The long-haired alien suddenly closed his hand, making Khan’s survival instincts scream, only to quiet down when the blinding dot disappeared.
"[As such]," The alien stated, smiling, "[You may call me the Maker]."
A sudden, distracting, catastrophic event claimed Khan’s gaze. A pitch-black wave so tall and wide it could put worldwide tsunamis to shame rose from far away, submerging the floating mountain’s left side and adding several layers of soil to the area.
Khan couldn’t see the wave’s origin but could guess where it came from. He had lost track of the Emperor and the short-haired alien, but the apocalyptic calamity was made of True Chaos, so it had to be the latter’s technique.
Except that there was no technique to speak of at all. The wave truly was immense, seemingly wanting to challenge the mountain’s height while also stretching far past it, reaching as far as the areas with condensed space.
However, that was it. The wave was nothing more than a mass of True Chaos pushed forward by gravity and initial momentum alone.
Of course, the quantity of True Chaos inside the wave was breathtaking. It was actually incalculable. Khan could change the weather in entire quadrants, taking over their symphony.

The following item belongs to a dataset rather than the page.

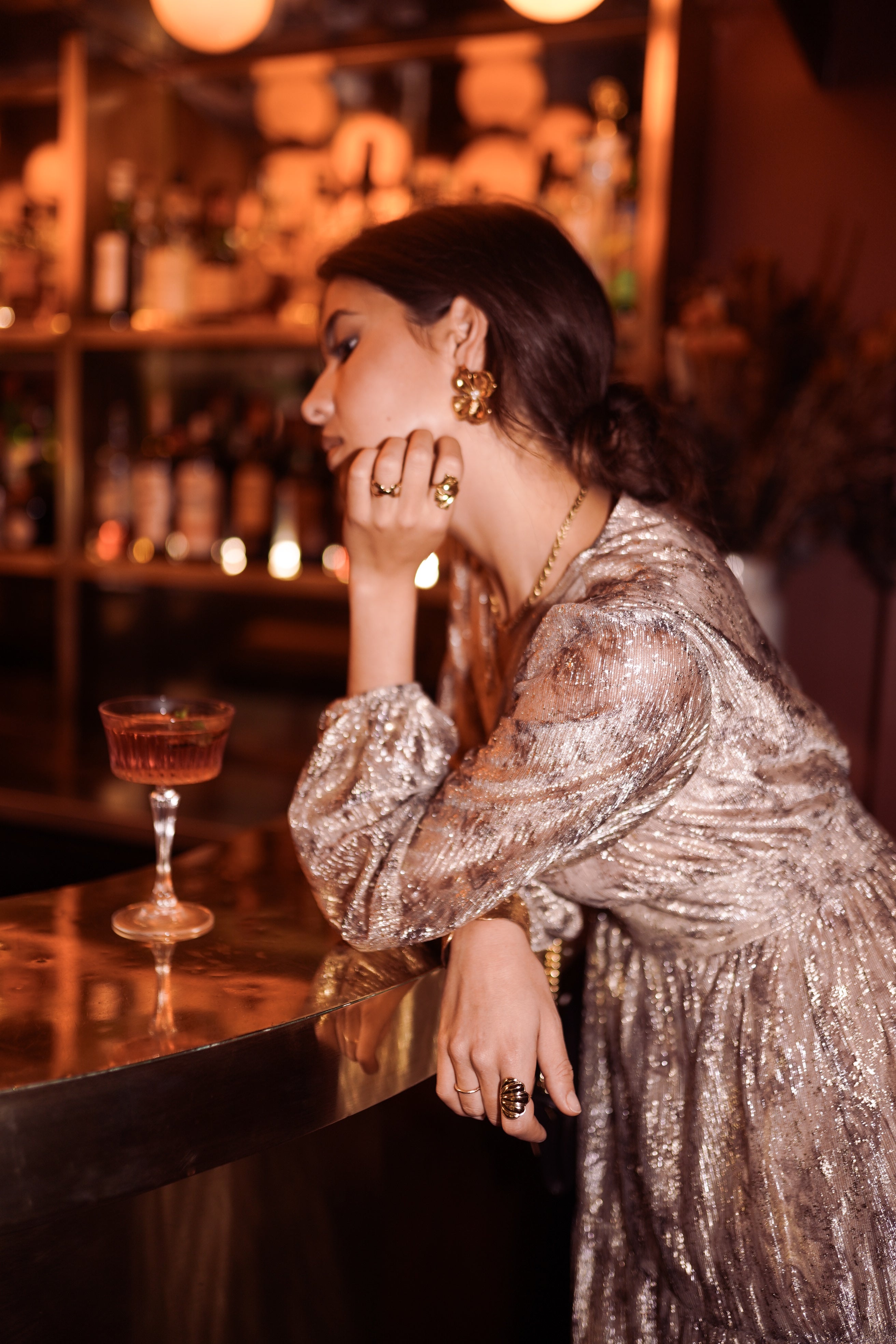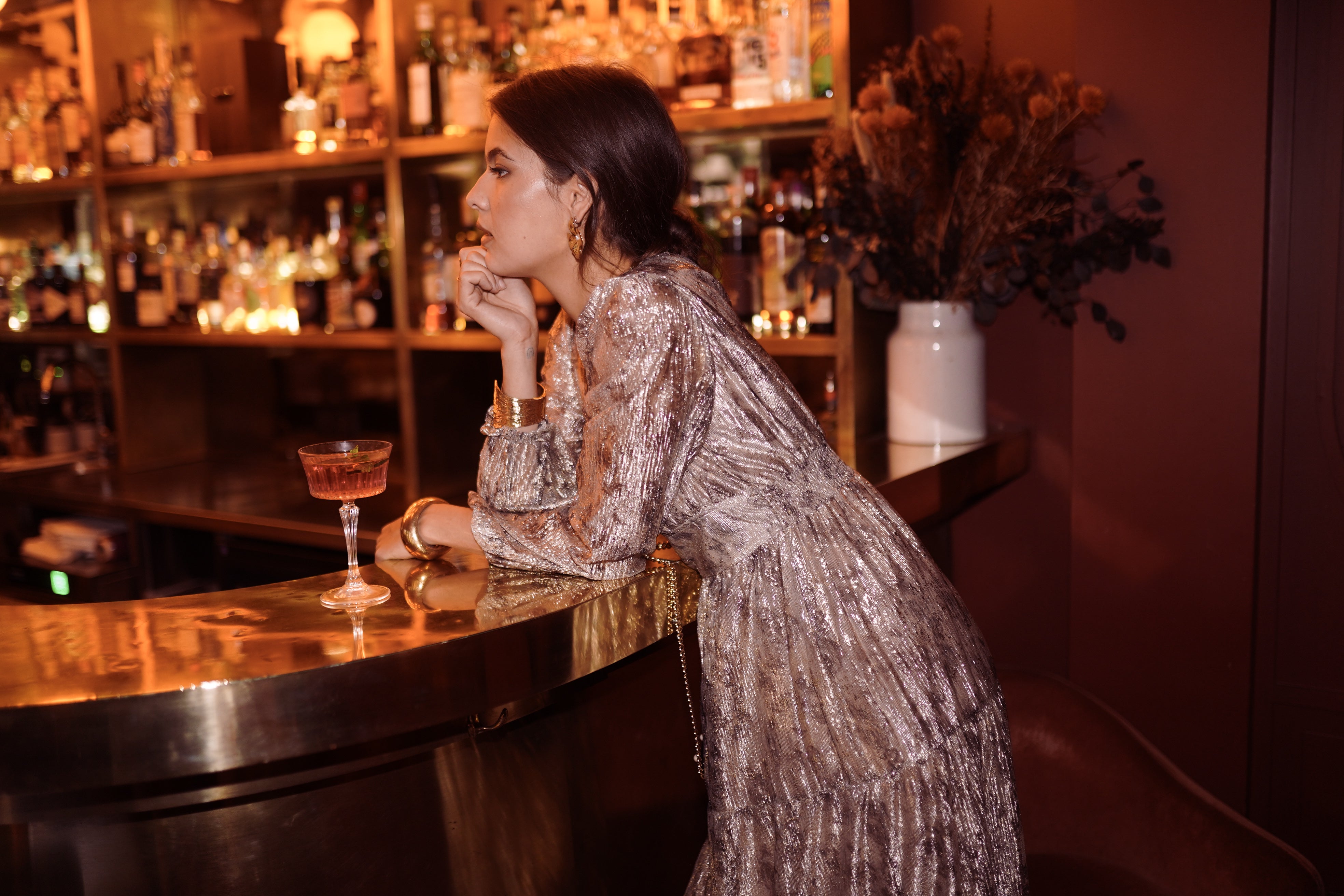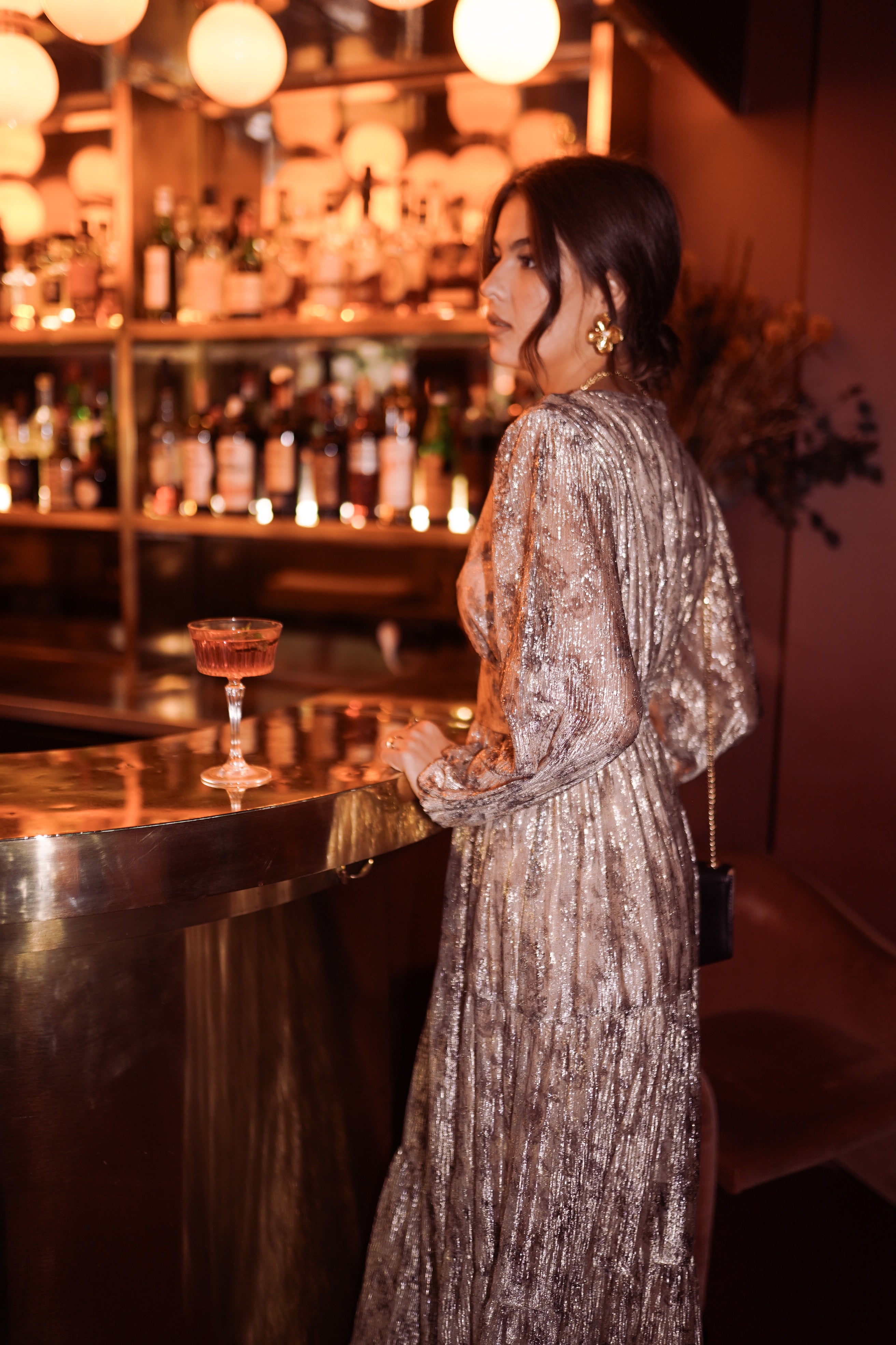 La coupe longue suit le mouvement du corps, le décolleté en V structure la silhouette et les manches légèrement bouffantes apportent cette note vaporeuse qu’on aime tant pour les soirées. Une pièce pensée pour briller… mais toujours avec élégance.

Yet, that still meant relying on the world’s mana, and that pitch-black attack was bigger than anything Khan had ever produced without doing that.
The world on the left side of the floating mountain wasn’t the same after the wave finished crashing.
For once, the giant mountain with the elliptical gate wasn’t floating anymore. The wave had refilled the gap under its base, solidifying to turn into new ground.
Something similar happened to the battlefield’s left side, creating a messy mountain chain that stretched as far as the eye could see.
And, something exploded among that just-formed mountain chain, revealing a dark-red figure digging through its fabric to climb back out in the open. The Emperor jumped onto a slope, showing how the apocalyptic wave had been able to push him away.
Khan didn’t really have to think or review the event. The long-haired alien, or Maker, had already given him the answers he needed. His opponent could manipulate the True Chaos to the point of giving birth to stars, so his twin had to have the ability to produce enough energy to build them.
"[My twin is so unsophisticated]," The Maker sighed, also inspecting the mess on the other side of the battlefield. "[Our dear Father never gave us names, but I call him the Source]."
The Emperor never looked in Khan’s direction, snapping him out of that giant distraction. Still, his brain didn’t have the gift of stopping churning thoughts, awarding him with a terrifying realization.
Both the Maker and the Source wielded truly shocking powers to the point that Khan would struggle to believe them if he hadn’t seen them in action with his own eyes.
However, there was something even bigger behind all that. The alien twins had only inherited parts of their Father’s powers, meaning the True Chaos’ God could wield both and probably more.
That was the scale of going against a being that could create a whole universe, and Khan had to admit that his hopes dwindled by the second. No matter how he reviewed the issue, victory looked impossible, but he would fight nonetheless.
"Maker, I must apologize," Khan announced, reclaiming the alien’s scarlet gaze. "I planned to test the waters in the hope of saving something for later, but it seems I disrespected you."
Khan lifted his hand, and mana immediately came out of his palm, gathering and condensing above it until it turned into a mass of thundering sparks.
Each flashing spark released a thunderous noise, but they gradually morphed, growing deeper and gaining a certain rhythm that almost made it resemble a growl.
"This is no star," Khan declared, glancing at the unstable mass of mana hovering above his palm, "But I’m pretty sure it can eat those."